I laughed along at this remark, but deep inside me my agitation rumbled.  How on earth are these teachers in deep rural areas expected to cope with the information overload, the need to access resources out there or network with peers if there is not a concerted effort to fast track their access to modern technology? They need it more than we do. We are within walking range of so many resources - human and otherwise -  and if this kind of information about teachers  is not shared with us, we may be lulled into thinking everybody has access as we do. It is during such exchanges with colleagues from other parts of South Africa that we stop making them invisible.

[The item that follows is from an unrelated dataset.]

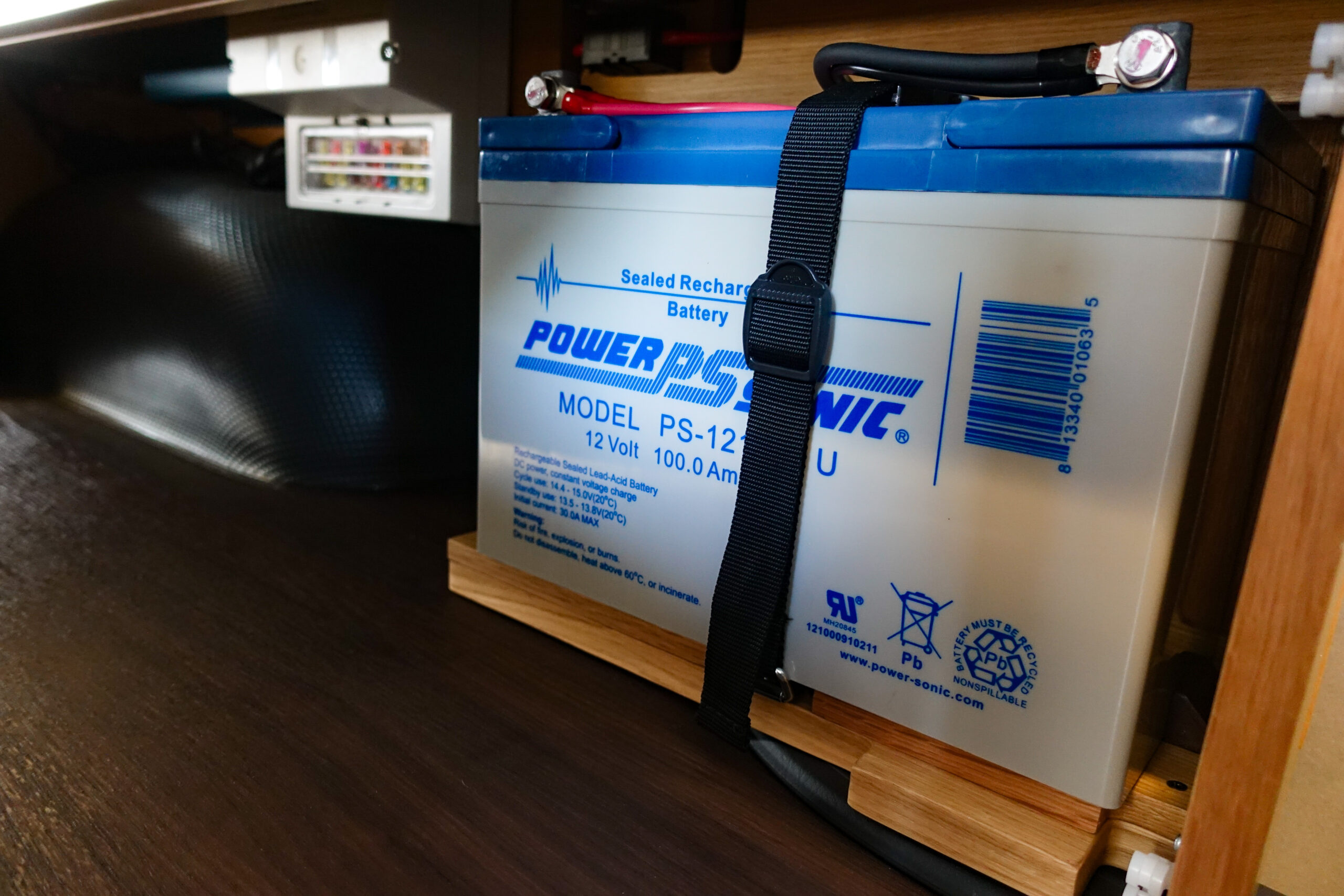 後は、サブバッテリーを元の場所に戻し、サブバッテリーが動かないように、固定用の黒いベルトを締め付けます。

Also, teachers are already battling with the curriculum changes and we know that many of our teachers do not have the knowledge of curriculum content and teaching methodologies to help them teach. Our teachers rightly complain about the pace and the limited mediation of the CAPS curriculum,, but what about these teachers?
Lavinia Davis and Noel Isaacs with Eastern Cape teachers in front of Ottery  office

LESSON 4; Teacher resilience and passion for teaching are universally still evident

Despite all the odds, our group of 8 teachers did not on one occasion show a victim mentality. They were here in Cape Town and they wanted to maximise their learning.  One of the teachers said: " When we get back, I am going to preach and preach and preach that we need to do things differently; that we also need SOS where we are."

Hello - can those who judge so freely that teachers are just lazy, provide evidence that this is indeed so?  And if they are, how is it possible that those who are placed to help schools turn things around, have not made a significant difference?  These are tough questions and we need calloused skins to deal with them, but we need to answer these truthfully.
Lavinia Davis, Sharon Lewin and Noel Isaacs enjoying a bit of banter 

LESSON 5: We must actively steer change.

The inter-provincial visit was a rich experience for all parties. The schools committed to strengthening their partnerships and we agreed the first 'touching base' contact will take place before end of term.  This is a good start.  There is a huge challenge ahead for all leaders, at school and at the education district. The time has come for us to dig deeply and to interrogate our current practices. Jim Collins speaks about the 3C's that all great leaders should have: competence, chemistry and character. I agree the 'lip-service'era is no longer relevant. We need to be bold, raise our own game, acknowledge our gaps, go out and learn what we have to and then start navigating the route to becoming strong mentors and coaches to our teams.

Our school heads continue to teach us a lesson or two. Lavinia Davis, Noel Isaacs and Leonard Hendricks were super ambassadors for Heads  who believe in sharing their gifts of leadership, citizenship and humanity. It is no wonder I remain optimistic about the possibilities of changing our schools into powerful, quality education centres.